My recent paintings are oil portraits of people—usually iconic figures from the past—who haunt the collective unconscious. These are not traditional tributes or realist likenesses; they are apparitions, archetypes, psychological projections. Some are famous. Some are familiar only to me. All of them stand in for something larger: gender, glamour, power, vulnerability, collapse.

After years of working with acrylic on unprimed canvas—fast, raw, and immediate—I’ve turned to oil painting to go deeper, slower, and stranger. The medium slows me down in a way that makes me sit longer with the people I paint. They don’t feel like subjects. They feel like visitations.

Certain figures return again and again—Jackie, C.Z Guest, Babe Paley—not out of nostalgia, but compulsion. I revisit them the way you revisit a recurring dream, or a riddle you can’t quite solve. Repetition becomes its own kind of séance.

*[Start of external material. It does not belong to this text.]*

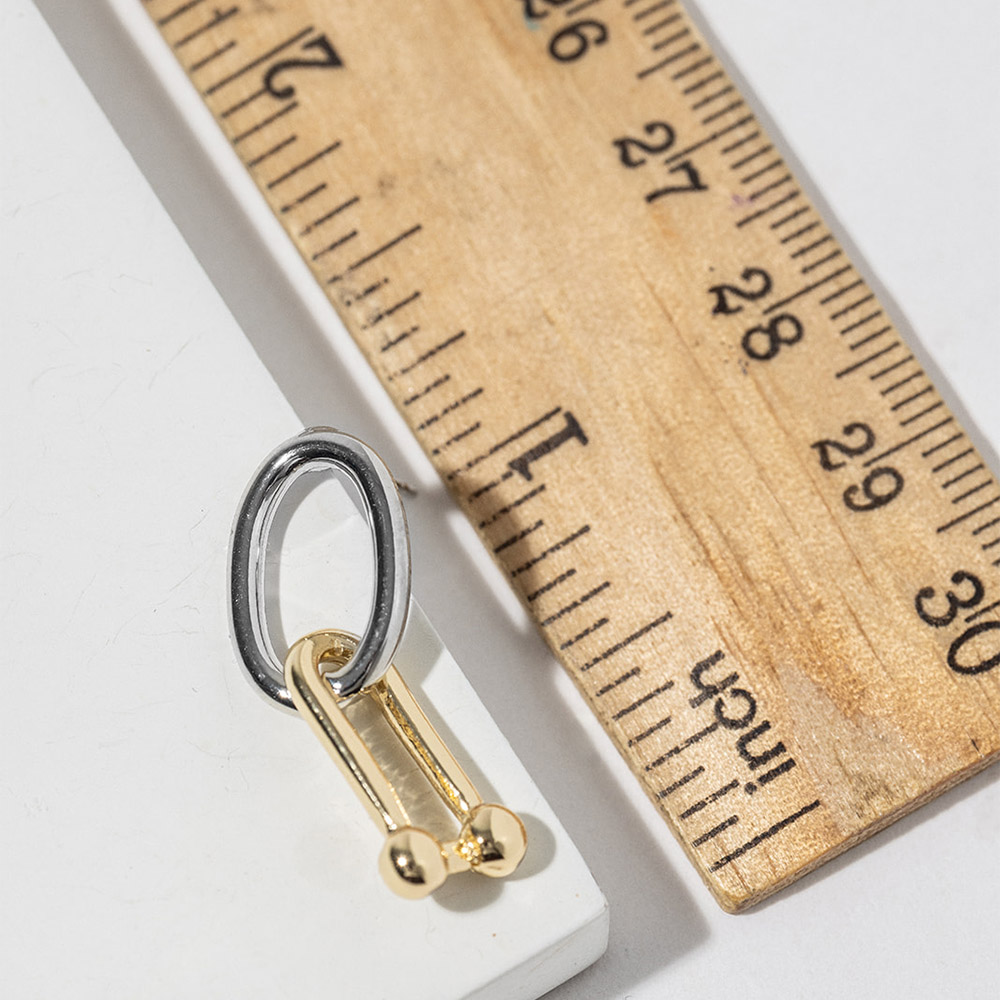 Details • Size : 0.3" X 1" • Sleek drop earrings featuring a clean linked bar design that delivers subtle movement and modern appeal. This minimalist silhouette pairs effortlessly with casual looks or polished outfits, making it a versatile choice for everyday wear, gifting displays, and contemporary boutique jewelry collections. • Lead and Nickel Compliant • Made In Korea • Gold Dipped • Sterling Silver Post

The painting decides when it's complete—I just listen.That might mean a background left undone, a face that dissolves at the edges, or a sketchlike looseness that resists completion. I trust that moment now. It tells me when to walk away.

I'm interested in collapsing time: the 1970s bleeding into the 1870s, the 20th century surfacing in a dream of the 21st. These works are part séance, part satire. I think of them as both love letters and interrogations. My goal is to create a space where image and identity are not fixed, but slippery—eroding, becoming, returning.

This is not nostalgia. It’s confrontation.